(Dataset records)
--*--

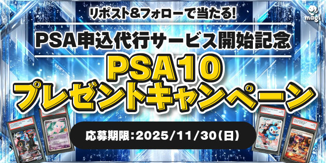 2025年11月20日(木)より、「カードショップmagiなんばマルイ店」「カードショップmagi横浜西口店」にてPSA申込代行サービスを開始いたします。
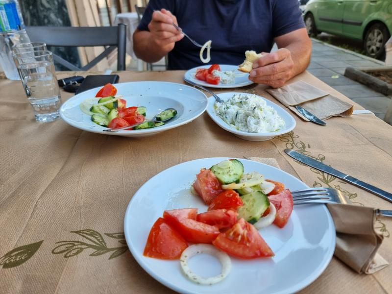 Wir beschließen, kurz vor der Grenze zu Nord-Mazedonien noch in Griechenland etwas zu essen, haben wir doch weder Mazedonische– noch Serbische Dinars. Außerdem zeigt die Uhr mittlerweile fast fünf und wir spüren unsere leeren Mägen. Wir fahren von der Autobahn hinunter und landen in Polycastro, einem kleinen Städtchen. Wir suchen uns eine Taverne. Die Gastleute sind unglaublich nett und wir bestellen einen Gurken-Tomatensalat sowie Tsatziki als Appetizer. Souvlaki und Hähnchen in Limonensauce als Hauptgang. Die Portionen sind riesig und der Preis beträgt so ungefähr die Hälfte von den Preisen auf den Ionischen Inseln.
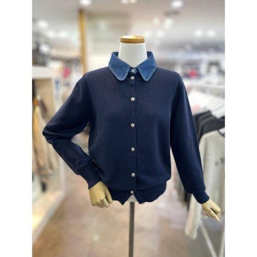 샵앤) 여성 데님 카라 라운드 단추 긴팔 가디건 DGB-WCD-4771-네이비
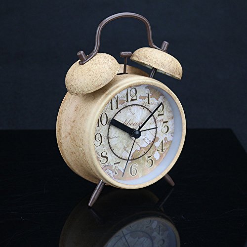 ANG ANG® 4" Silent Quartz Analog Quiet Non-ticking Retro Vintage Classic Bedside Twin Bell Alarm Clock with Loud Alarm and Nightlight
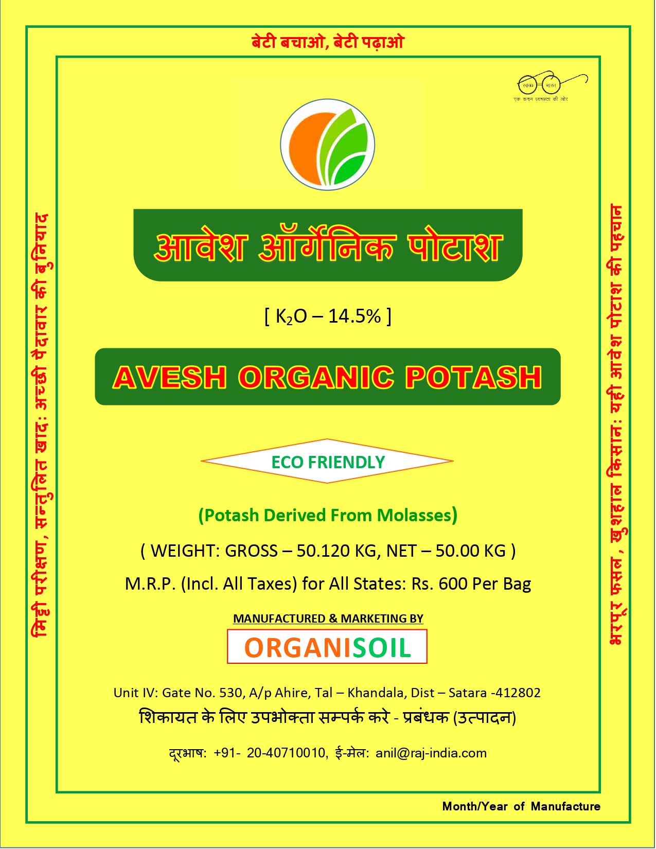 AVESH POTASH 14.5% Potash derived from Molasses Potassium encourages plants to adjust in all kind of weather conditions, strengthen stalks and absorb more nutrients. Potash is found in plant-available form as potassium (K) salts such as potassium chloride, sulphate, nitrate etc. These natural deposits are generally the result of the drying out of seas millions of years ago. In soils and plants these salts, which are all water soluble, separate into the potassium cation K+ and the relevant anion Cl–, SO42-, NO3– etc. Potash in manures is also mainly (70-90%) in water soluble form, with a small amount bound into the organic material which is released into the soil solution as the organic matter is mineralised.
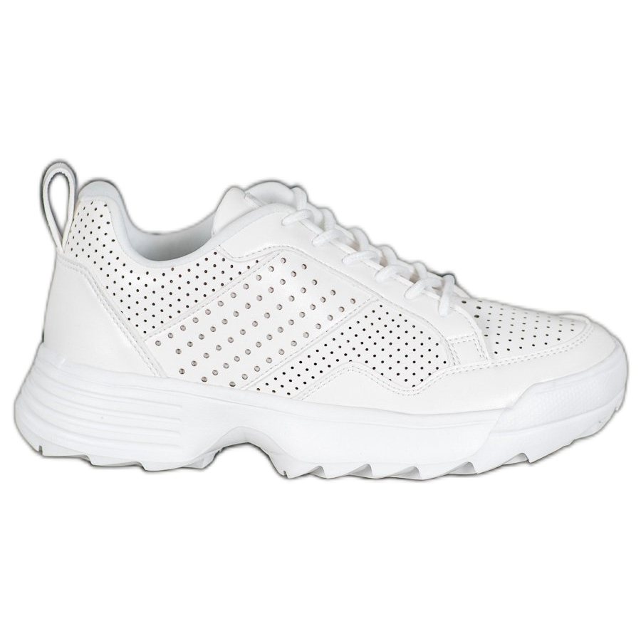 Vi presenterar Kylie damsneakers som kombinerar komfort och modern stil. De är helt gjorda i elegant vitt och är det perfekta valet för dagligt bruk och matchar många olika stilar. Deras genombrutna överdel av material som imiterar läder ger skorna en attraktiv karaktär samtidigt som de bryter den klassiska looken.
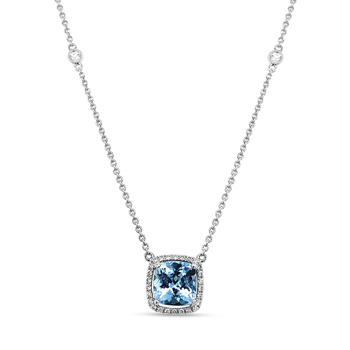Style No. YJM0192NS 18KW Diamond & Aquamarine Necklace
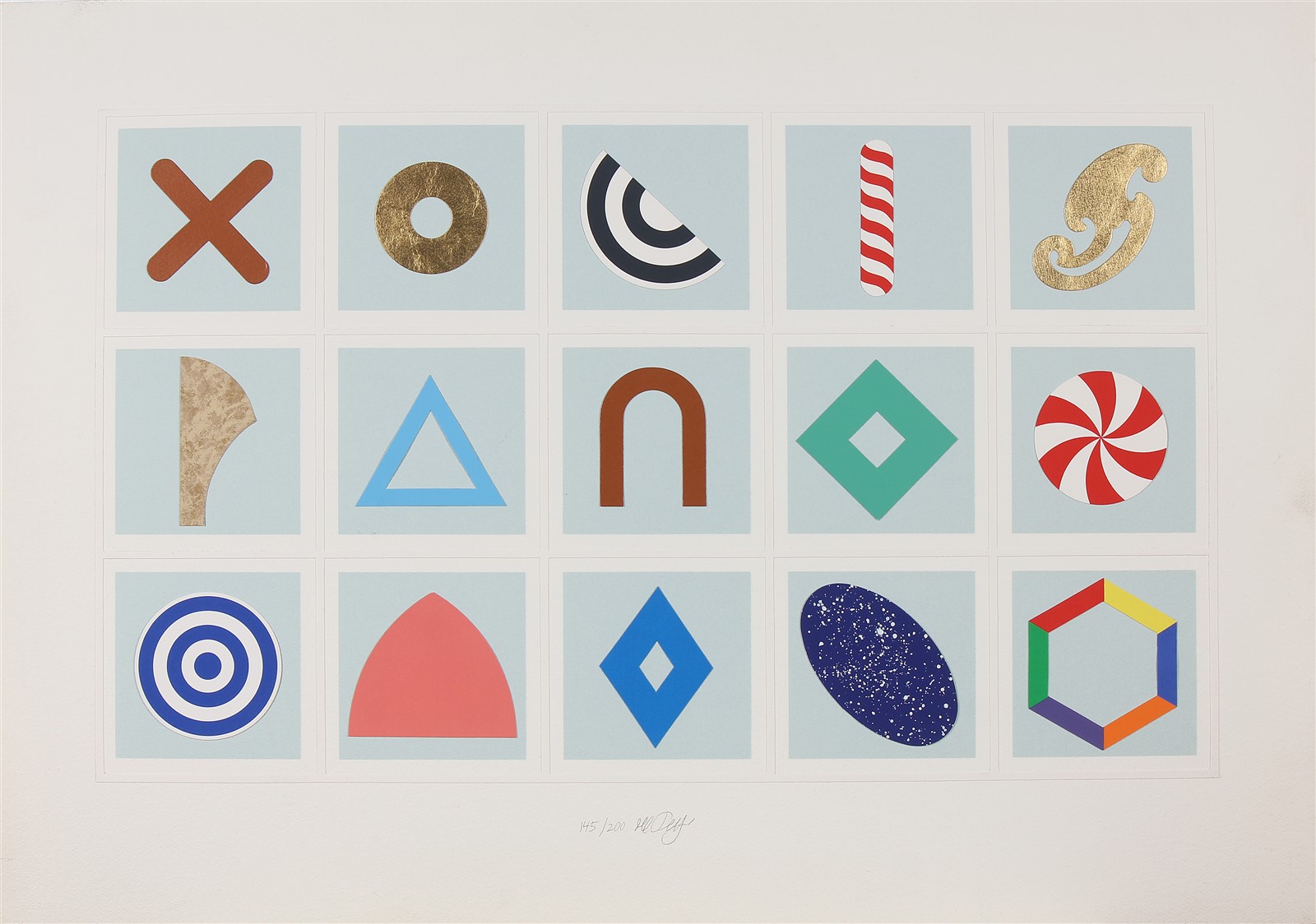DEL PEZZO LUCIO (n. 1933) Lotto composto da n.2 grafiche. Simboli e segni della vita. Spettacolo cosmico. 1999. Collage su cartoncino. Cm 100,00 x 70,00. Grafica n.1: 145/200. Tiratura e firma a matita in basso. Grafica n.2: VI/XX. Tiratura e firma in basso. Presente per entrambe le grafiche dichiarazione di autenticità a cura della Grafica d'Arte Lombardi, Roma.
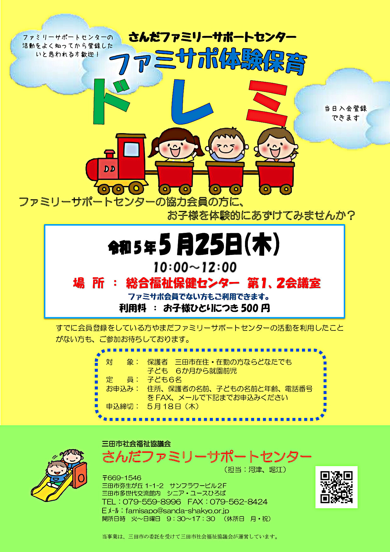 さんだファミリーサポートセンターが体験保育ドレミを開催します。

--*--

● **WORK ITEM**
In the records above, find the line containing "AVESH POTASH 14.5%" and output every line from the first through that one, exactly, omitting pictures.

● **EXERCISE ANSWER**
 2025年11月20日(木)より、「カードショップmagiなんばマルイ店」「カードショップmagi横浜西口店」にてPSA申込代行サービスを開始いたします。
 Wir beschließen, kurz vor der Grenze zu Nord-Mazedonien noch in Griechenland etwas zu essen, haben wir doch weder Mazedonische– noch Serbische Dinars. Außerdem zeigt die Uhr mittlerweile fast fünf und wir spüren unsere leeren Mägen. Wir fahren von der Autobahn hinunter und landen in Polycastro, einem kleinen Städtchen. Wir suchen uns eine Taverne. Die Gastleute sind unglaublich nett und wir bestellen einen Gurken-Tomatensalat sowie Tsatziki als Appetizer. Souvlaki und Hähnchen in Limonensauce als Hauptgang. Die Portionen sind riesig und der Preis beträgt so ungefähr die Hälfte von den Preisen auf den Ionischen Inseln.
 샵앤) 여성 데님 카라 라운드 단추 긴팔 가디건 DGB-WCD-4771-네이비
 ANG ANG® 4" Silent Quartz Analog Quiet Non-ticking Retro Vintage Classic Bedside Twin Bell Alarm Clock with Loud Alarm and Nightlight
 AVESH POTASH 14.5% Potash derived from Molasses Potassium encourages plants to adjust in all kind of weather conditions, strengthen stalks and absorb more nutrients. Potash is found in plant-available form as potassium (K) salts such as potassium chloride, sulphate, nitrate etc. These natural deposits are generally the result of the drying out of seas millions of years ago. In soils and plants these salts, which are all water soluble, separate into the potassium cation K+ and the relevant anion Cl–, SO42-, NO3– etc. Potash in manures is also mainly (70-90%) in water soluble form, with a small amount bound into the organic material which is released into the soil solution as the organic matter is mineralised.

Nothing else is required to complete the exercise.